Exercise requirements
In the records below, find the line with "Trước đó, ngày" and the line with "Michael Kors Deep". Print both exactly, along with every line between them, and no other line.

[Source material]

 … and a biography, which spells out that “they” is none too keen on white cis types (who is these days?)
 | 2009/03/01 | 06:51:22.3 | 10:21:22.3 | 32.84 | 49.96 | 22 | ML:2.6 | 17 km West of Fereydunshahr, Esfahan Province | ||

[/Source material]
[Source material]

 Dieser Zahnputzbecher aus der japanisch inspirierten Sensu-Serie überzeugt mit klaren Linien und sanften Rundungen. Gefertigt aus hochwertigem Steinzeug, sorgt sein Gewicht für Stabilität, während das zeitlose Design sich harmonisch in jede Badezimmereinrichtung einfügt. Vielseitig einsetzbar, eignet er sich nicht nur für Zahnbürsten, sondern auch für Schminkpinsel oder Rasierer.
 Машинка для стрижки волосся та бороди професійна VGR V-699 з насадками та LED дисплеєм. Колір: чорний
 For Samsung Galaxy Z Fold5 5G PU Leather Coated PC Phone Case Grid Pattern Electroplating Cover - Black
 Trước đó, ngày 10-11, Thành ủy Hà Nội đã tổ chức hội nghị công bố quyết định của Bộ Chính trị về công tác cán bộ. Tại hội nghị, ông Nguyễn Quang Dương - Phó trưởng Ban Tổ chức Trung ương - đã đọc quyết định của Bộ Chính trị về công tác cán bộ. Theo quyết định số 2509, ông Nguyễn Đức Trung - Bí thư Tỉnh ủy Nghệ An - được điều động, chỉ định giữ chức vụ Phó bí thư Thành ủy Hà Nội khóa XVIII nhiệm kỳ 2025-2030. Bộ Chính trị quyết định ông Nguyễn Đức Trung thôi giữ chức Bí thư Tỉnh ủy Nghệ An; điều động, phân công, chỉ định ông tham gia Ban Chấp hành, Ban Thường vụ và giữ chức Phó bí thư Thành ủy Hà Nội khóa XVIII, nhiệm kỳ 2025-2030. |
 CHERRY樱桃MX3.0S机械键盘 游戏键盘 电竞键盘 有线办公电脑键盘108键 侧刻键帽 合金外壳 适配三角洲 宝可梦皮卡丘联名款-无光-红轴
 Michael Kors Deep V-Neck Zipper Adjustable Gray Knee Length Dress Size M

[/Source material]

Answer section
 Trước đó, ngày 10-11, Thành ủy Hà Nội đã tổ chức hội nghị công bố quyết định của Bộ Chính trị về công tác cán bộ. Tại hội nghị, ông Nguyễn Quang Dương - Phó trưởng Ban Tổ chức Trung ương - đã đọc quyết định của Bộ Chính trị về công tác cán bộ. Theo quyết định số 2509, ông Nguyễn Đức Trung - Bí thư Tỉnh ủy Nghệ An - được điều động, chỉ định giữ chức vụ Phó bí thư Thành ủy Hà Nội khóa XVIII nhiệm kỳ 2025-2030. Bộ Chính trị quyết định ông Nguyễn Đức Trung thôi giữ chức Bí thư Tỉnh ủy Nghệ An; điều động, phân công, chỉ định ông tham gia Ban Chấp hành, Ban Thường vụ và giữ chức Phó bí thư Thành ủy Hà Nội khóa XVIII, nhiệm kỳ 2025-2030. |
 CHERRY樱桃MX3.0S机械键盘 游戏键盘 电竞键盘 有线办公电脑键盘108键 侧刻键帽 合金外壳 适配三角洲 宝可梦皮卡丘联名款-无光-红轴
 Michael Kors Deep V-Neck Zipper Adjustable Gray Knee Length Dress Size M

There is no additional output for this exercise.